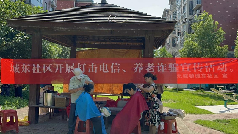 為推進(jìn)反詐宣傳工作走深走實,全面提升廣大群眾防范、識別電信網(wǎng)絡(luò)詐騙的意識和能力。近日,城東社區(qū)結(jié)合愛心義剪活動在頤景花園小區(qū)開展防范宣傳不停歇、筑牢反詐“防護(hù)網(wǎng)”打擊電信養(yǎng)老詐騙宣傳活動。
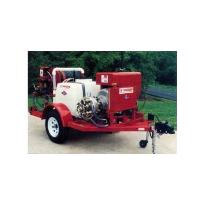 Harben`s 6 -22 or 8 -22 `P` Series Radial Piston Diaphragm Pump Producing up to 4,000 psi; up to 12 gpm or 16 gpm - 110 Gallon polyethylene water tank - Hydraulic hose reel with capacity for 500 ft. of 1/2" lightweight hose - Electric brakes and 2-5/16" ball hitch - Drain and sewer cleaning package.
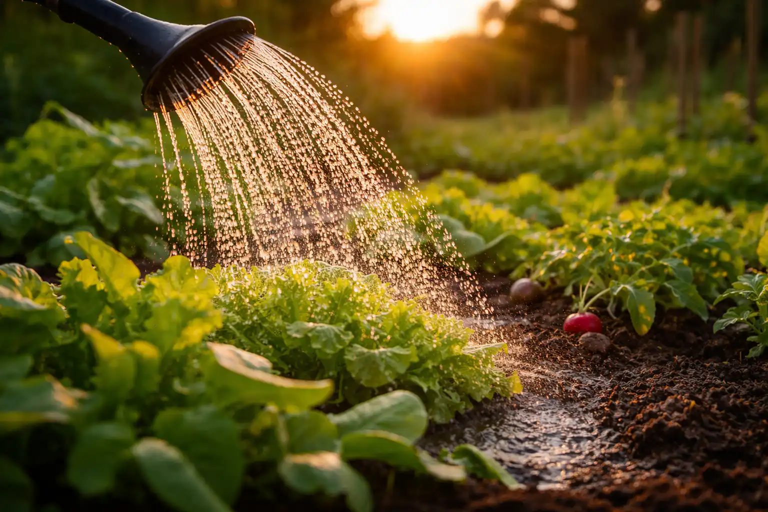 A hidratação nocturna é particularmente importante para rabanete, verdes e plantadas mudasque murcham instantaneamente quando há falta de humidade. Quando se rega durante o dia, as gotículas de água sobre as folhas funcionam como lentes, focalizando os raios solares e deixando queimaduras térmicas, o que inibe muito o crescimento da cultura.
---
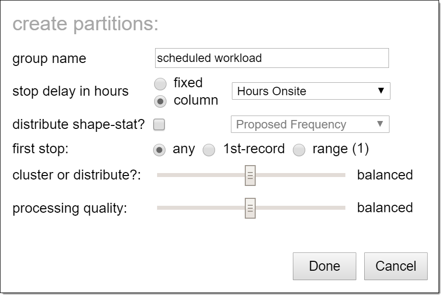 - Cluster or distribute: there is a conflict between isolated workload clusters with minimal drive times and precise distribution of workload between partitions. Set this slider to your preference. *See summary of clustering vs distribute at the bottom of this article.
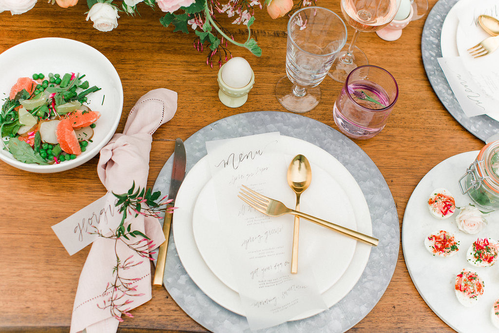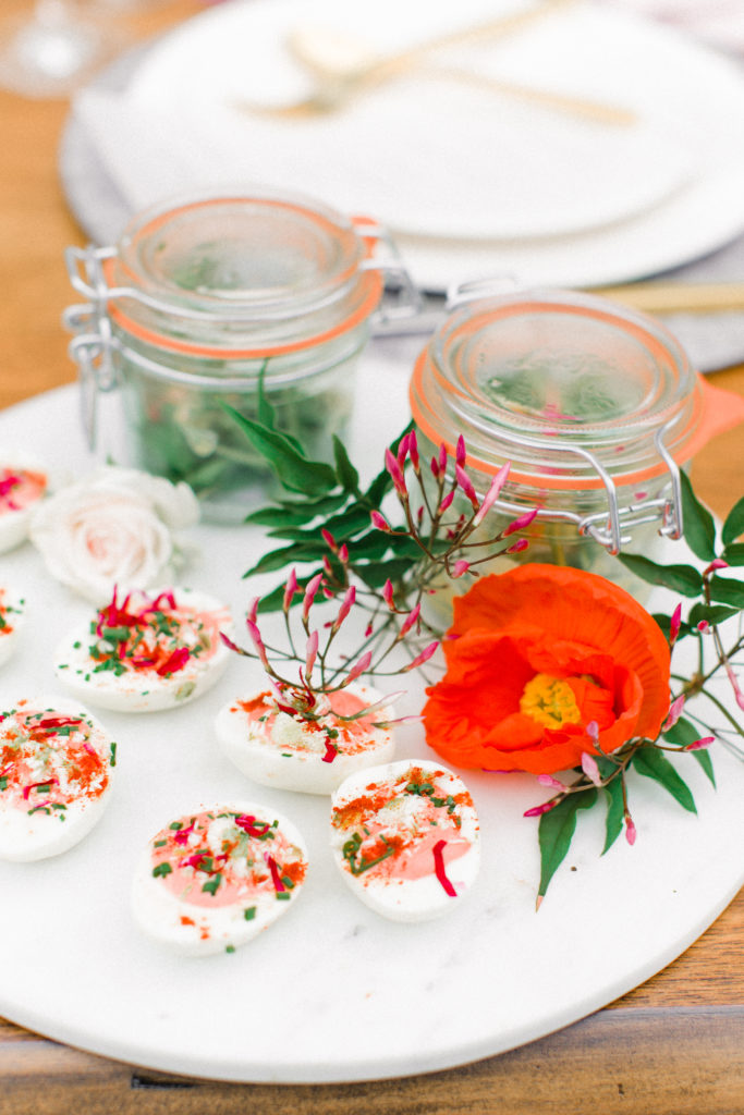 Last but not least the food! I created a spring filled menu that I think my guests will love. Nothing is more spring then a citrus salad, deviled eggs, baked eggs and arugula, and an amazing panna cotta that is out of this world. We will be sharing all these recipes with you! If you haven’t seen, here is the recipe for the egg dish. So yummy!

WHAT THE TASK ASKS = Copy word for word the lines above, starting at the line containing "sewer cleaning package." and ending at the line containing "A hidratação nocturna", inclusive, with no pictures.

TASK ANSWER =
 Harben`s 6 -22 or 8 -22 `P` Series Radial Piston Diaphragm Pump Producing up to 4,000 psi; up to 12 gpm or 16 gpm - 110 Gallon polyethylene water tank - Hydraulic hose reel with capacity for 500 ft. of 1/2" lightweight hose - Electric brakes and 2-5/16" ball hitch - Drain and sewer cleaning package.
 A hidratação nocturna é particularmente importante para rabanete, verdes e plantadas mudasque murcham instantaneamente quando há falta de humidade. Quando se rega durante o dia, as gotículas de água sobre as folhas funcionam como lentes, focalizando os raios solares e deixando queimaduras térmicas, o que inibe muito o crescimento da cultura.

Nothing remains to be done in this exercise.